Records contained in a dataset
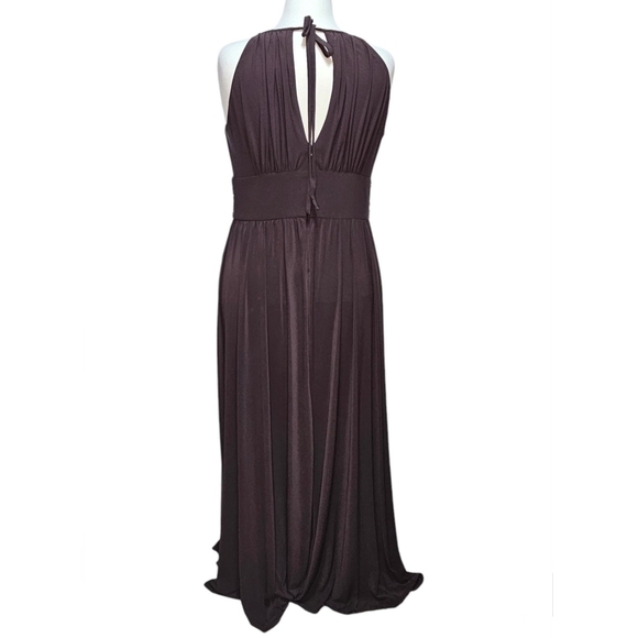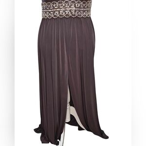 Beautiful Maxi dress with sequins and glass bead waist. Built in cups, back zip with tie at neck. Extremely flattering for plus size, front slit to above knee. There doesn't appear to be any missing beads, but there are loose threads around the sides. Deep plum color. Bought at Macy's and only worn once.
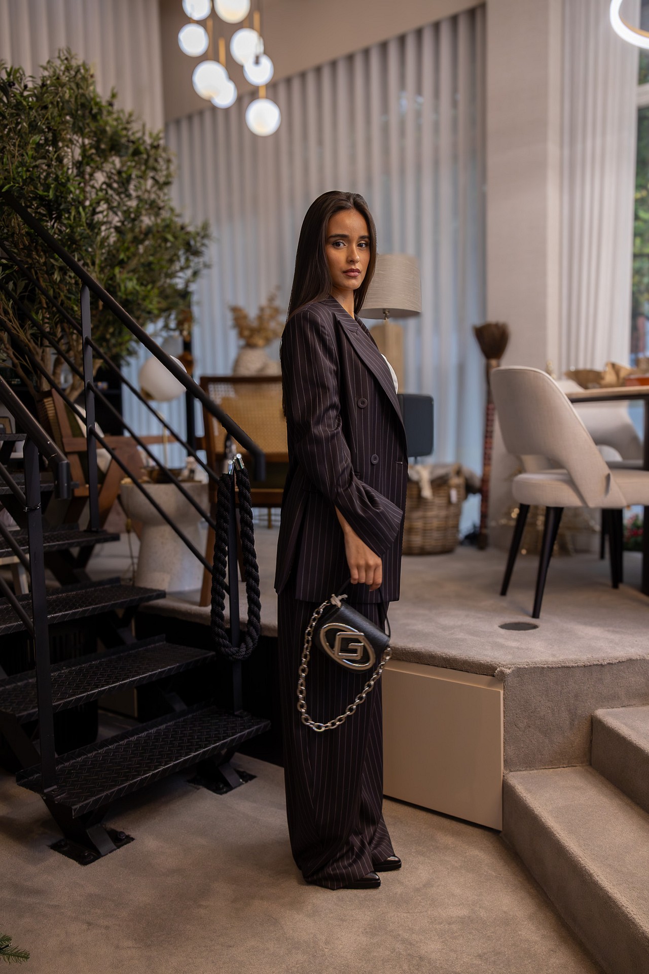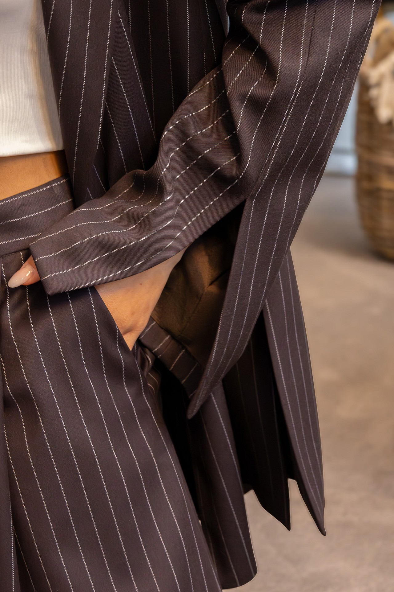 O blazer às riscas preto da marca Imperial é a definição de sofisticação intemporal. O tom preto profundo aliado às riscas finas verticais cria uma silhueta elegante e alongada, conferindo um visual refinado que nunca sai de moda.
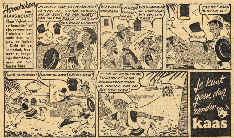 Through the Toonder Studio's, Ton Beek also worked as an artist on many advertising comics, most notably 'De Avonturen van Klaas Volvet en zijn Knechtje Plus', about a chubby cheesemonger and his helper, who go on a treasure hunt around the world. A promotional strip for cheese published in newspapers like Algemeen Handelsblad between April 1954 and October 1955, the 'Klaas Volvet' strips were also collected in two booklets by the Dutch Dairy Agency (Nederlands Zuivelbureau).
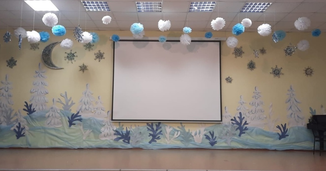 С 19 декабря оформлена новогодняя фотозона (3 этаж основного здания). Но самой интересной и трудоёмкой работой оказалось оформление новогодней сцены в актовом зале.
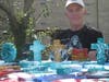 Another member of the Community of Artists, and a staple at the arts show around the area, was Peter Foy. Foy creates hand carved cats and dogs out of wood, but is most sought after for his beautiful creations he carves out of bowling balls. The vibrant colors from the balls create beautiful sleek and colorful pieces, which he carves into crosses, angels, cats, shamrocks and much more.
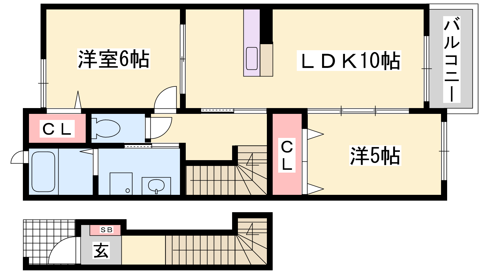 - LDK10帖、洋室6帖、洋室5帖
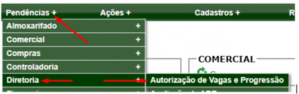 1. Local - Pendência > Diretoria > Autorização de Vaga e Progressão.
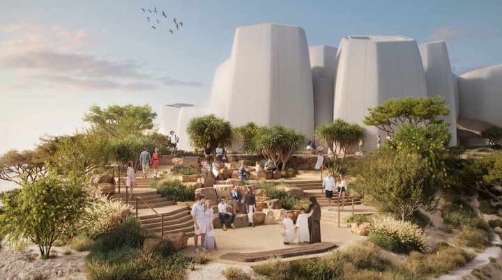 İçeride yığılmış organik formlardan oluşan, anıtsal yükselen spiral bir yapı ile işaretlenmiş kaliteli restoranlar, perakende ve konut yaşamı dahil olmak üzere günümüz lükslerinin fütüristik bir birleşimini oluşturacak. Kuleyi çevreleyen atriyumun dış kubbesi, son teknoloji holografik ve sanal gerçeklik ekranlarıyla donatılacak. Ziyaretçileri ve yerlileri başka bir dünyaya açılan bir kapıya taşımak için gerçeküstü, doğal manzaraları yansıtır.

What is expected: Above are the records; repeat their lines from the first through the line containing "Through the Toonder", and leave out each picture.

Task output:
 Beautiful Maxi dress with sequins and glass bead waist. Built in cups, back zip with tie at neck. Extremely flattering for plus size, front slit to above knee. There doesn't appear to be any missing beads, but there are loose threads around the sides. Deep plum color. Bought at Macy's and only worn once.
 O blazer às riscas preto da marca Imperial é a definição de sofisticação intemporal. O tom preto profundo aliado às riscas finas verticais cria uma silhueta elegante e alongada, conferindo um visual refinado que nunca sai de moda.
 Through the Toonder Studio's, Ton Beek also worked as an artist on many advertising comics, most notably 'De Avonturen van Klaas Volvet en zijn Knechtje Plus', about a chubby cheesemonger and his helper, who go on a treasure hunt around the world. A promotional strip for cheese published in newspapers like Algemeen Handelsblad between April 1954 and October 1955, the 'Klaas Volvet' strips were also collected in two booklets by the Dutch Dairy Agency (Nederlands Zuivelbureau).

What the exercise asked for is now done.